Minimal end-to-end on a fake package

create_example_pkg() builds a fake package that deliberately trips each audit. The two with_* flags below activate the non-ASCII and undocumented-dataset fixtures so every audit has something to surface:

pkg <- create_example_pkg(with_nonascii = TRUE,
                          with_undocumented_data = TRUE)

chk <- rcmdcheck::rcmdcheck(pkg, args = "--as-cran")

audit_tags(pkg)             # @return / @noRd issues
audit_ascii(pkg)             # accents in comments / strings
audit_dataset_doc(pkg)       # data/demo_dataset.rda has no doc
audit_citation(pkg)          # old-style personList() / citEntry()
audit_dontrun(pkg)           # \dontrun{} blocks in examples
audit_description(pkg)       # unquoted package names in Description
audit_downloads(pkg)         # network call sites to review for offline-safe guards
audit_globals(pkg, checks = chk)

fix_globals(pkg, checks = chk, write = TRUE)
fix_ascii(pkg, dry_run = FALSE)
fix_dataset_doc("demo_dataset", pkg = pkg,
                description = "A small demo dataset",
                source = "Generated by create_example_pkg()")
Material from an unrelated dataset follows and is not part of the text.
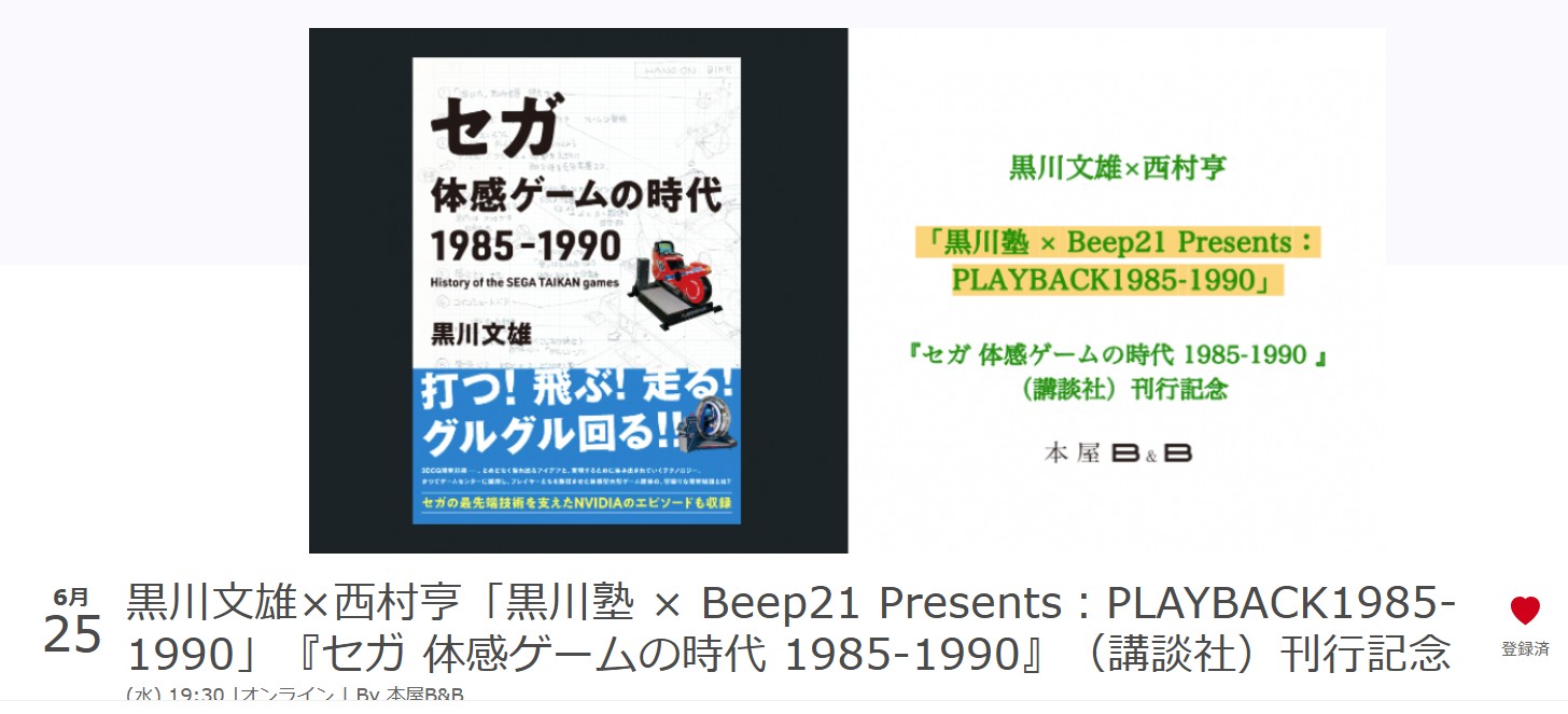 黒川文雄氏の書籍「セガ 体感ゲームの時代 1985-1990」,刊行記念イベントを6月25日に開催。ゲストはセガハード専門誌に携わった西村 亨氏

After applying the fixes, re-run the check (the package state has changed, so a new rcmdcheck() is needed) and confirm 0 / 0 / 0.

Next step: pre-submission gates

When the dev-time audits above are clean, run the heavier gates that have their own pipeline and cannot reuse chk:

audit_check() - R CMD check with the full CRAN incoming environment.
audit_userspace() - checks that tests / examples / vignettes leave no files behind.

Both are documented in vignette("pre-submission-gates", package = "checkhelper").